WebSell also supports several proprietary interfaces to popular web servers, such as Netscape Enterprise Server and Microsoft Site Server.
Finally, programmers can access the Preference Server C++ API directly for highly customized applications. The C++ interface rests on top of the Preference Server Library, which contains the Preference Server correlation engine. Using this interface, customers can create a variety of applications, including non-web based applications (such as consumer kiosks), or applications that interact with proprietary networking protocols.
Web Page Interface
The web interface consists of HTML templates that organize a user's online interactions with the Preference Server. These templates can be customized to create a distinctive look and feel for the web site. Server-side Java and JavaScript APIs can also be used to create a custom look-and-feel.
Database Interface
Many sites already have extensive databases with information on customers and products. They don't want to change database servers or data formats. LikeMinds WebSell interacts with existing database servers and schemas, making it easy to add to an existing site.
LikeMinds WebSell can be configured to work with any existing database format through ODBC, the Open Database Connectivity standard. ODBC lets programs access an SQL relational database regardless of the database vendor's API. LikeMinds WebSell supports all popular database systems, including Informix, Oracle, Sybase, Microsoft, etc. For operating systems where no ODBC client-side API is available or the ODBC driver is inadequate, WebSell can directly call the database API. A direct interface currently exists for Oracle databases, as well as others.
Conclusion
WebSell converts web surfers into loyal customers because it delivers trustworthy recommendations for products. Consumers are frequently surprised by product recommendations they might not have expected, but after a successful product experience, their trust in a web site increases.

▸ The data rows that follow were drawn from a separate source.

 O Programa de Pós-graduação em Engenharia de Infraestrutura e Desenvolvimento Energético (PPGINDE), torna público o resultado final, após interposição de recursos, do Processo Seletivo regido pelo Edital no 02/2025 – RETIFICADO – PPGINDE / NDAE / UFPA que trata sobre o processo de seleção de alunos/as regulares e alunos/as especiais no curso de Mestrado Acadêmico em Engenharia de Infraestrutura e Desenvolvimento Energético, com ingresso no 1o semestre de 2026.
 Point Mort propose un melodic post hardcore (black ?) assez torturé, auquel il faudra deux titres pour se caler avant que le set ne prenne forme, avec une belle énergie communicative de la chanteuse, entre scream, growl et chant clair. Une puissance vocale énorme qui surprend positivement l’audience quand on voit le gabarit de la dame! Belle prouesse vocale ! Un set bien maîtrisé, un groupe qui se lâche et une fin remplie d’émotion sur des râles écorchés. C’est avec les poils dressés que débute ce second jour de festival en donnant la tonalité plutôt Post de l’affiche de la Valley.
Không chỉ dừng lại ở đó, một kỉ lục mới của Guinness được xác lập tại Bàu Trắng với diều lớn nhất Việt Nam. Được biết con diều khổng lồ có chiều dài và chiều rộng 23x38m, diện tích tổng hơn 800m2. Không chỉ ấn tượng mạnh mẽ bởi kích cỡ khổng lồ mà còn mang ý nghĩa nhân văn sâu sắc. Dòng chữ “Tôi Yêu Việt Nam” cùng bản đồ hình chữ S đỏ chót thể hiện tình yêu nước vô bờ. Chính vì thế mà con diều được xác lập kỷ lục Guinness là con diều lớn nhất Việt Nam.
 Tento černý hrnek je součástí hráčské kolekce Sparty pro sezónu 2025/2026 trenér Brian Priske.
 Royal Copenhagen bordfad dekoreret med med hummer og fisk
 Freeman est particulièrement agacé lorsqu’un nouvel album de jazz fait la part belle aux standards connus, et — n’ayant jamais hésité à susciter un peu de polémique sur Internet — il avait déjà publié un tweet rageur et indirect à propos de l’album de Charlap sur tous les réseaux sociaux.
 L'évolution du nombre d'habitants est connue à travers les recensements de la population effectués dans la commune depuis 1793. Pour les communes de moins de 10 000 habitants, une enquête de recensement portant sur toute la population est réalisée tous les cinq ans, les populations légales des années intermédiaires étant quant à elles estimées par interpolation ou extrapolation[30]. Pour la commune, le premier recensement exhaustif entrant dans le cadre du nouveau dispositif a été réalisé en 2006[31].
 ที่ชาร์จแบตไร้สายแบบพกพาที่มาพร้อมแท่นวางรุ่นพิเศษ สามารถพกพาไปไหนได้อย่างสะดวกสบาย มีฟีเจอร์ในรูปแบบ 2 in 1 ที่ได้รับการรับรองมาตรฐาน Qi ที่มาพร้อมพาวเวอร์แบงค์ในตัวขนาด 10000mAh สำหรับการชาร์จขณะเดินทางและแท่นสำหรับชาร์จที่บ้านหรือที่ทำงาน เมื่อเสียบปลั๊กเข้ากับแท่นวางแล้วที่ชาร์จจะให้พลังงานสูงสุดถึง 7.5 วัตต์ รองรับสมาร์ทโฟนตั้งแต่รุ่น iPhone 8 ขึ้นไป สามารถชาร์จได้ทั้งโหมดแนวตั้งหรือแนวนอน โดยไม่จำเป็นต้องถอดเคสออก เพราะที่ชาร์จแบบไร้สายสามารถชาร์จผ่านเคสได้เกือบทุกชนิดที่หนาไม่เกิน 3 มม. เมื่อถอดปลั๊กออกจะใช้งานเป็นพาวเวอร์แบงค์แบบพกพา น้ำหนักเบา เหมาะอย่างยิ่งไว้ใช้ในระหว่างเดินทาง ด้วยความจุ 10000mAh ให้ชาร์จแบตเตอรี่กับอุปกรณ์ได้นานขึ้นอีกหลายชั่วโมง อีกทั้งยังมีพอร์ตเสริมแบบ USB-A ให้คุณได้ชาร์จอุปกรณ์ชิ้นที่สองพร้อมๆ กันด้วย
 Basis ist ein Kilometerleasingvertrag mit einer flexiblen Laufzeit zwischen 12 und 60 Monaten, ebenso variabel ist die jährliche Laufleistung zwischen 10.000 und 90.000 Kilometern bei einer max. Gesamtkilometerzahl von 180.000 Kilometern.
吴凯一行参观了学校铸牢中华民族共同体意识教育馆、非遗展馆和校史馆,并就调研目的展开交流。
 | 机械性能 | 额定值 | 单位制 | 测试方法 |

LikeMinds has surveyed the Movie Critic population to determine the utility and desirability of WebSell-based applications. Respondents identified several reasons for using Movie Critic. The Movie Critic saved them time and money in choosing movies to see. Movie Critic helped them see more movies they were confident they would like. Movie Critic helped them see fewer 'duds.' A large majority said it was 'just plain fun' to interact with Movie Critic.
When asked to rate their overall satisfaction with Movie Critic, almost all responded with 'love it' or 'really good'. This overwhelming user satisfaction with a WebSell-based application is a testament to the accuracy of the LikeMinds Preference Server technology.
WebSell allows for mixing subjective impressions -- such as user ratings, click-throughs, and usage time -- with objective attributes, such as author, subject, keywords, and demographic appeal. By making recommendations based on both subjective and objective criteria, merchants can ensure trustworthy recommendations even in 'cold start' situations.
The Preference Server module upon which WebSell is based is an inherently scaleable algorithm. It can handle large databases of users and products with linear resource increases. It is designed for multiprocessing, and can exploit data reference locality through a specialized mentor cache.
Administrators can customize WebSell to create a brand-consistent look-and-feel through HTML, CGI, Java, or JavaScript APIs. They can connect existing product and user databases with WebSell to add value to an existing customer base.
WebSell has been designed and built as a marketing and sales tool for commercial web sites. Our attention to trustworthiness, broad applicability, performance, and customization reflects our focus on commercial web site needs.